Performance of two alternative functions that compute least divisor

Question

In the book "The Haskell Road to Logic, Maths and Programming", the authors present two alternative ways of finding the least divisor k of a number n with k > 1, claiming that the second version is much faster than the first one. I have problems understanding why (I am a beginnner).

Here is the first version (page 10):

ld :: Integer -> Integer -- finds the smallest divisor of n which is > 1
ld n = ldf 2 n

ldf :: Integer -> Integer -> Integer
ldf k n | n `rem` k == 0 = k
        | k ^ 2 > n      = n
        | otherwise      = ldf (k + 1) n

If I understand this correctly, the ld function basically ends up iterating through all integers in the interval [2..sqrt(n)] and stops as soon as one of them divides n, returning it as the result.

The second version, which the authors claim to be much faster, goes like this (page 23):

ldp :: Integer -> Integer -- finds the smallest divisor of n which is > 1
ldp n = ldpf allPrimes n

ldpf :: [Integer] -> Integer -> Integer
ldpf (p:ps) n | rem n p == 0 = p
              | p ^ 2 > n    = n
              | otherwise    = ldpf ps n

allPrimes :: [Integer]
allPrimes = 2 : filter isPrime [3..]

isPrime :: Integer -> Bool
isPrime n | n < 1     = error "Not a positive integer"
          | n == 1    = False
          | otherwise = ldp n == n

The authors claim that this version is faster because it iterates only through the list of primes within the interval 2..sqrt(n), instead of iterating through all numbers in that range.

However, this argument doesn't convince me: the recursive function ldpf is eating one by one the numbers from the list of primes allPrimes. This list is generated by doing filter on the list of all integers.

So unless I am missing something, this second version ends up iterating through all numbers within the interval 2..sqrt(n) too, but for each number it first checks whether it is prime (a relatively expensive operation), and if so, it checks whether it divides n (a relatively cheap one).

I would say that just checking whether k divides n for each k should be faster. Where is the flaw in my reasoning?

Answer 1

The main advantage of the second solution is that you compute the list of primes allPrimes only once. Thanks to lazy evaluation, each call computes just the primes it needs, or reuses the ones that have been already computed. So the expensive part is computed only once and then just reused.

For computing the least divisor of just a single number, the first version is indeed more efficient. But try running ldp and ld for all numbers between let's say 1 and 100000 and you'll see the difference.

Answer 2

haskell is unknown for me so without proper measurements of booth version I can only assume that the claims are right. In that case the reasons can be:

1.primes are precomputed in some array

• then isprime? is not time expensive

2.primes are computed on the run (and memoizing)

• from start will be the first version faster
• but continuous use will make the second version faster (especially for bigger n)

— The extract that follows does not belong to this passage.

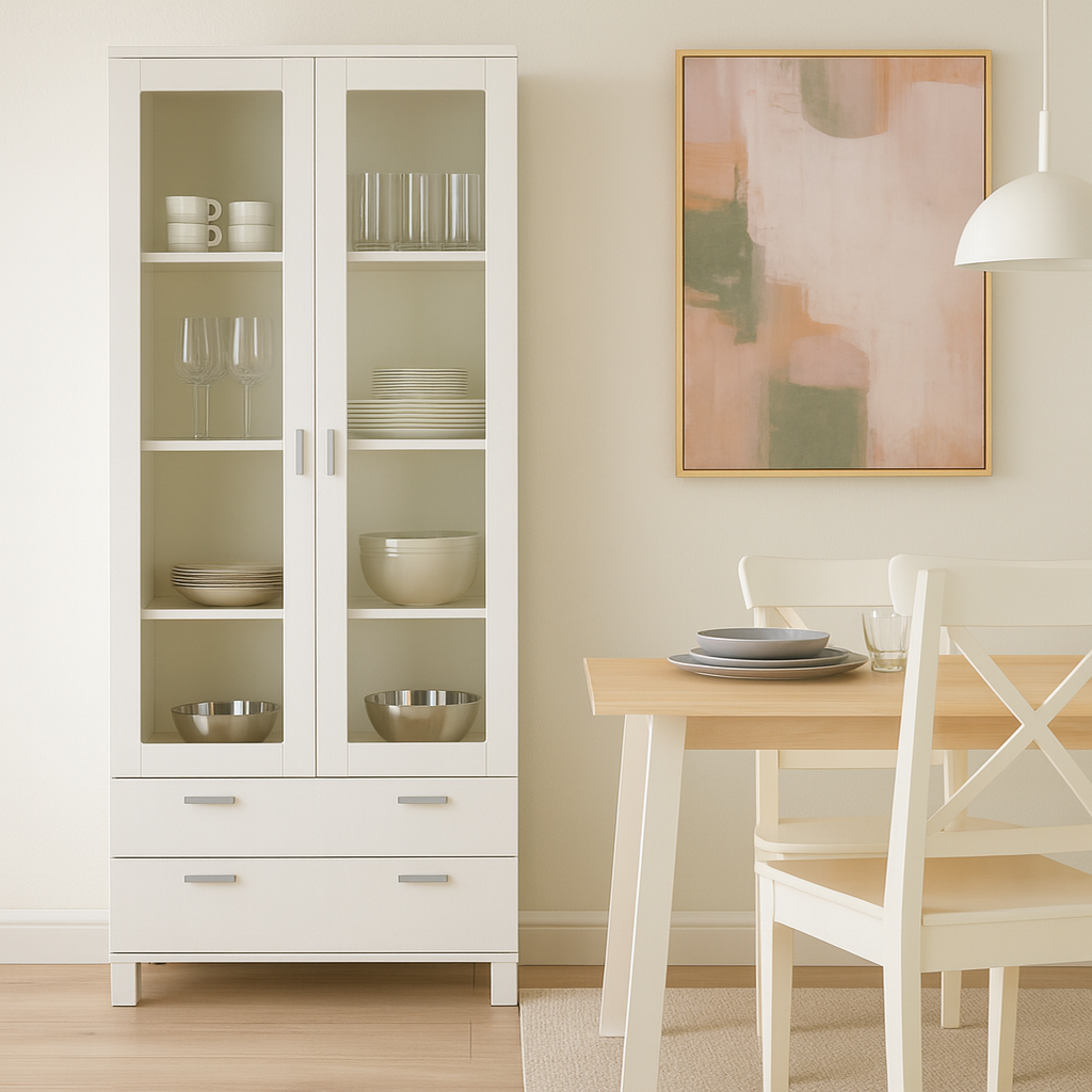 Kahdella lasiovella ja kahdella vetolaatikolla varustettu Korkealaatuisen Fondi-tuotesarjan lasiovivitriini tarjoaa paitsi käytännöllisyyttä myös esteettistä nautintoa. Voit valita lasioviesi tyylin - kirkkaat lasit tuovat avoimuutta, kun taas himmeämpi maitolasi tarjoaa hienostunutta yksityisyyttä. Kolme korkeussäädettävää hyllyä lasiovien takana antavat joustavuutta erilaisten esineiden asetteluun ja esittelyyn.

3.primes are computed on the run (and not memoizing)

• as DeadMG mentioned
• compiler optimizations+CPU caching can sometimes feel like memoizing effect up to a point
• in that case version 2 will be overall faster
• but if you continue to use bigger and bigger n and small ones all the time
• after reaching cache invalidation point it will slow down even more then version 1

4.this is just a guess

• is it possible for your compiler to convert recursion
• like single integer iteration through list or range
• to loop ? (most recursions of this type can be converted to loop anyway)
• that could explain all ...
• no recursion calls overhead
• no heap trashing

[Note]

• as I wrote above I am not haskell user so treat this answer accordingly

Answer 3

As I understand this, the division operation isn't as expensive as you might think for the divisor of 2, this makes for half of allPrimes filtered out numbers to be checked for "shift right 1 bit" which is as simple as a computing operation can be, while the first algorithm will perform a relatively expensive true division by the whole of the number. Say if the possible divisor is 1956, it will be filtered out of allPrimes by executing the very first test at almost no cost (shift right will return zero - divisible by 2) while dividing a say 2^4253-1 by 1956 is already senseless, as it's not divisible by 2, and in case of really big numbers divisions take a lot of time, and at least half of them (or say 5/6, for divisors 2 and 3) are useless. Also allPrimes is a cached list, thus checking the next integer for a prime to be included in allPrimes uses only verified primes, so the primality test isn't extremely expensive even for the actual prime number. This combined gives the second method advantage.